7. A machine vision-based steel structure welding quality detection system, characterized in that, For implementing the method as described in any one of claims 1 to 6, the machine vision-based steel structure welding quality inspection system comprises: The image acquisition module is used to continuously acquire the original weld seam image sequence of the steel structure welding process in a high-frequency sampling manner, and to perform filtering, noise reduction, contrast enhancement, sharpness screening and standardization processing on the sequence frame by frame to output a clear weld seam image sequence. The feature extraction module is used to extract the surface contour curve and edge straightness from each frame of the clear weld image sequence using a convolutional neural network, calculate the weld width, penetration depth, internal void volume and heat-affected zone range, and integrate them to generate static defect indicators of the weld. The time series construction module is used to arrange the weld symmetry and molten pool shape parameters in the pixel-level features into the first time series data in chronological order, calculate the fluctuation amplitude of weld symmetry and the change trend of molten pool shape, and form a time series dataset that reflects dynamic changes.

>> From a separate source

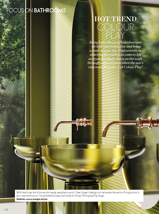 This is the personal and beautiful introduction “Elle Decor India” gives its Indian audience to Jörger’s green wellness oasis, with “Valencia” in rose gold with labradorite casting its spell on the senses and touching the soul. The beautifully illustrated article titled “Hot Trend Colour Play” is on page 10 in the current print edition. It has been on the market since June 2023 and continues to be available under elledecor.in/elle-decor-india-magazine.
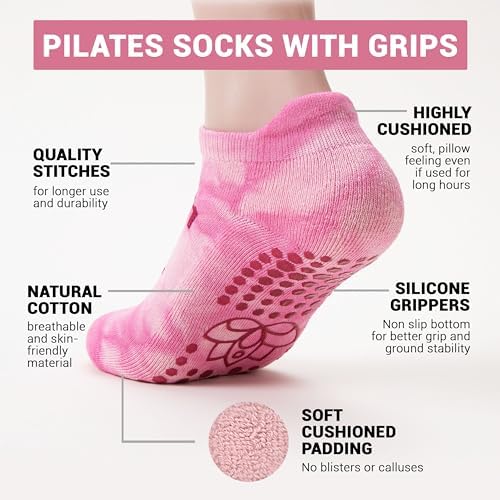 Primo Lines 3-Pack Barre Socks with Grips for Women Tie-Dye Non Slipper Socks with Grippers for Women in Pink, Blue, Violet – Low Cut Ballet Socks for Women – Workout Gripper Socks for Women

The defect identification module is used to input the time series dataset into the neural network model, analyze the temporal evolution pattern of the surface contour curve, calculate the edge straightness fluctuation value, and determine the potential defect occurrence point. The frequency analysis module is used to extract the crack cycle amplitude sequence from the potential defect occurrence point, perform Fourier transform on it to obtain frequency characteristic parameters, and generate and standardize the defect frequency distribution map. The deviation alarm module is used to extract the frequency peak position from the defect frequency distribution map, match the welding process parameter association mapping table to determine the deviation, generate an alarm signal and update the real-time monitoring database. The feedback optimization module is used to determine the sampling frequency deviation value based on the alarm signal, adjust the high-frequency sampling frequency through a feedback loop mechanism, reconstruct the time series dataset and update the neural network model input, and optimize the dynamic detection process.